> _Activity_
The answer is all of the entries below, repeated exactly and free of pictures.

> _Dataset records_

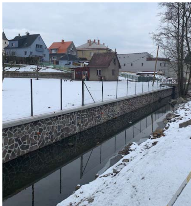
■ I v zimě se pracuje, mraz je nezastaví a výsledek stojí za to.
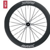
COSMIC SL 65 Disc 1853g 1 499 €
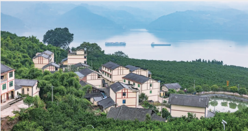
重庆市忠县友谊村万亩橘园
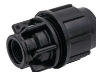
Diamètres 16 mm
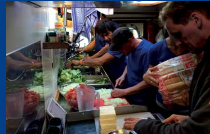
Service auf Gegenseitigkeit
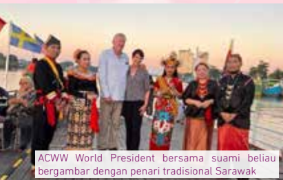
ACWW World President bersama suami beliau bergambar dengan penari tradisional Sarawak
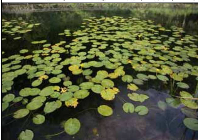
台灣萍蓬草是非常美麗的原生植物（福山）

> _Result of the task_
■ I v zimě se pracuje, mraz je nezastaví a výsledek stojí za to.
COSMIC SL 65 Disc 1853g 1 499 €
重庆市忠县友谊村万亩橘园
Diamètres 16 mm
Service auf Gegenseitigkeit
ACWW World President bersama suami beliau bergambar dengan penari tradisional Sarawak
台灣萍蓬草是非常美麗的原生植物（福山）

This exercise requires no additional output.